**TASK**
Your task is to retype the lines from the opening of the material through the line that includes "Scanning electron microscopy". Do not copy the pictures.

**SOURCE INFORMATION**

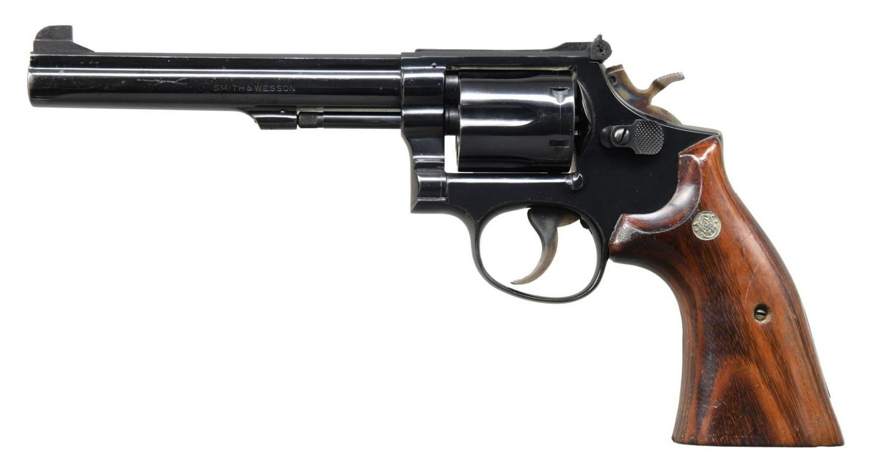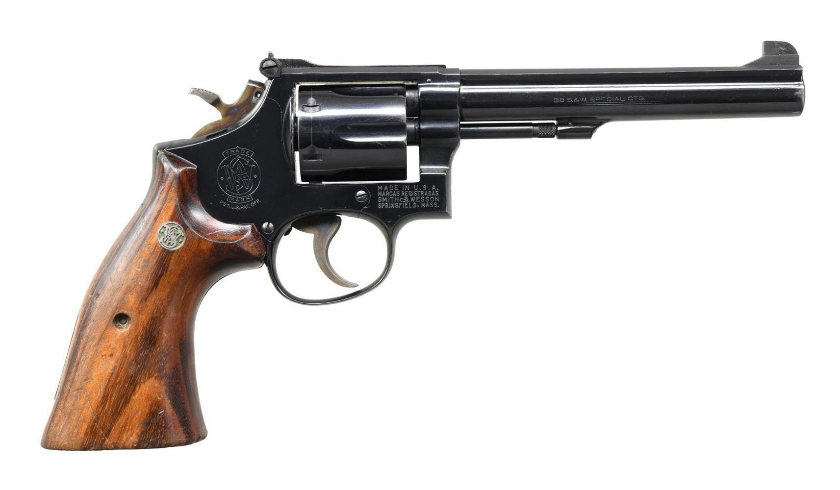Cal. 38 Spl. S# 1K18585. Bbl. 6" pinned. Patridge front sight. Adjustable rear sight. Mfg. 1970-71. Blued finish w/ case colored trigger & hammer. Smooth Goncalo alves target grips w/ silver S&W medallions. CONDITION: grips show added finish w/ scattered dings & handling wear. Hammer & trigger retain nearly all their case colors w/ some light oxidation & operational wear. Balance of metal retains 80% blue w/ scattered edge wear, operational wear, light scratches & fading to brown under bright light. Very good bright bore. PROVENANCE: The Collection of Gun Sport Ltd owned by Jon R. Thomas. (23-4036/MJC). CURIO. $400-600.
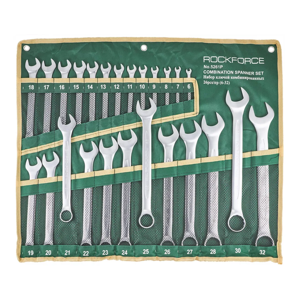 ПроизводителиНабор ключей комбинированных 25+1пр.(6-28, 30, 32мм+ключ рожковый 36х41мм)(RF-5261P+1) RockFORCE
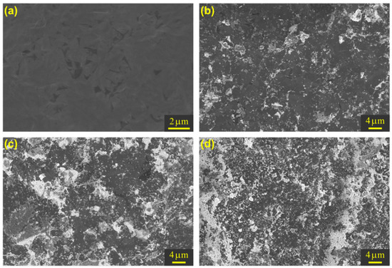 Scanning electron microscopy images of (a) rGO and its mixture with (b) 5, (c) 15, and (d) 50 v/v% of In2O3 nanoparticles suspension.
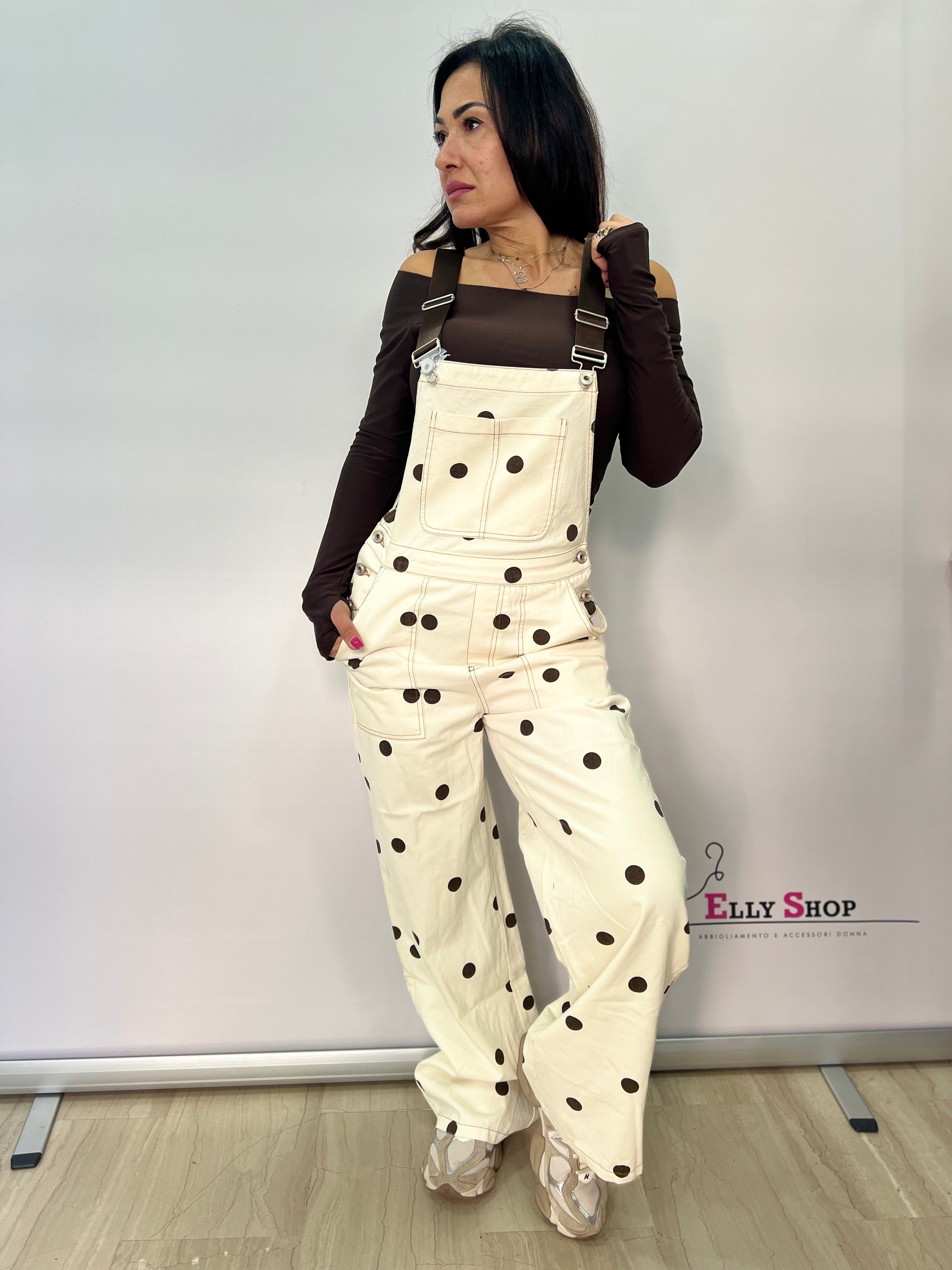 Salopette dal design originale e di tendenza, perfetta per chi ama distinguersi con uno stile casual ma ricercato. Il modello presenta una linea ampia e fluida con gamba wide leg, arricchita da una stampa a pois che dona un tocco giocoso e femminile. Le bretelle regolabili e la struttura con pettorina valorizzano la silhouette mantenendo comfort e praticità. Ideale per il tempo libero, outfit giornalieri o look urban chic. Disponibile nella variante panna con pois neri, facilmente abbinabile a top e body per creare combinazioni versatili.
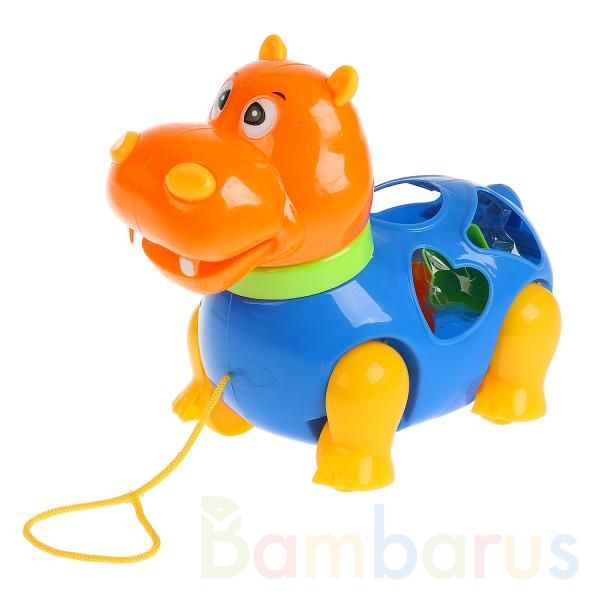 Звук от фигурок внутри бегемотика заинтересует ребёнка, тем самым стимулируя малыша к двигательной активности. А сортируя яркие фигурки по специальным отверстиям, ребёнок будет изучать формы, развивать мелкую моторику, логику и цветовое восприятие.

**COMPLETED EXERCISE**
Cal. 38 Spl. S# 1K18585. Bbl. 6" pinned. Patridge front sight. Adjustable rear sight. Mfg. 1970-71. Blued finish w/ case colored trigger & hammer. Smooth Goncalo alves target grips w/ silver S&W medallions. CONDITION: grips show added finish w/ scattered dings & handling wear. Hammer & trigger retain nearly all their case colors w/ some light oxidation & operational wear. Balance of metal retains 80% blue w/ scattered edge wear, operational wear, light scratches & fading to brown under bright light. Very good bright bore. PROVENANCE: The Collection of Gun Sport Ltd owned by Jon R. Thomas. (23-4036/MJC). CURIO. $400-600.
 ПроизводителиНабор ключей комбинированных 25+1пр.(6-28, 30, 32мм+ключ рожковый 36х41мм)(RF-5261P+1) RockFORCE
 Scanning electron microscopy images of (a) rGO and its mixture with (b) 5, (c) 15, and (d) 50 v/v% of In2O3 nanoparticles suspension.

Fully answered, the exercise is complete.